Bilingual Speaker Recognition for Afaan Oromo and Amharic Language Speakers
Loading...
Date
Authors
Journal Title
Journal ISSN
Volume Title
Publisher
ASTU
Abstract
Speaker recognition is identifying “who is talking?” it helps the machines to identify who is
speaking. Identifying a speaker is useful to provide easy interaction between humans and
computers. It also provides secure interaction since speech is a biometric identity
verification tool. However, this is an easy task for humans but it is not for computer machines
unless they are aided with deep learning models. Various studies have been done in this area
and achieved promising results. Yet, speaker recognition is highly dependent on the
language spoken and other factors. Therefore preparing a model to handle different
languages is relevant, few studies have been done on Amharic speaker recognition these
researches are done only in one language. This study prepared a deep learning bilingual
speaker recognition model for two Ethiopian languages that have a vast number of speakers.
The study was inspired by the current growth of voice assistance and call systems where
many security issues are raised but remained unresolved, the scarcity of research in the field,
and the interest of the researcher. In this study, an open set text independent bilingual Afaan
Oromo and Amharic speaker recognition model was developed using MFCC by Librosa to
extract speaker feature vectors with CNN, LSTM, and MLP. Keras model API is used to
build the neural network. To train and test the model we prepared a new bilingual dataset
that has a total of 960 speech samples by taking a 30-sec utterance of 16 different Afaan
Oromo and Amharic speakers. The speech is taken carefully from YouTube by taking into
account every similar condition of a speaker for both languages to reduce the effect of
recording device variation, speaker mood, and speaker health status. In the end after
training the model in the two languages, 95.93% average accuracy is achieved with MLP.

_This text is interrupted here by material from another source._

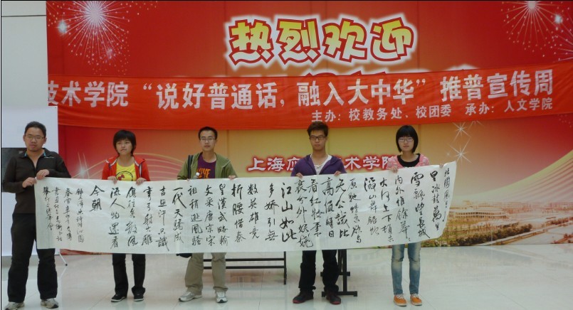 9月11日至17日是第14届全国推广普通话活动周。为进一步提高全校师生的语言文字规范意识和应用水平,充分发挥学校在普及普通话和规范汉字中的基础作用,弘扬中华优秀传统文化,为建党90周年献礼,我校根据市语委、市教委相关文件要求,围绕本届推普周“提升国家通用语言文字应用能力,弘扬中华优秀文化传统”的主题,结合学校自身特色,开展了上海应用技术学院第14届“推普周”系列活动。

The proposed model achieved 96.59% best accuracy when training and testing is done in
Amharic and 95.45% trained and tested with only Afaan Oromo. The model resulted in
61.86% performance drop for cross lingual test. Therefore, this study provided a novel
approach to model bilingual speaker recognition and presented a clear insight into the effect
of language mismatch in the speaker recognition model and the necessity of bilingual
speaker recognition.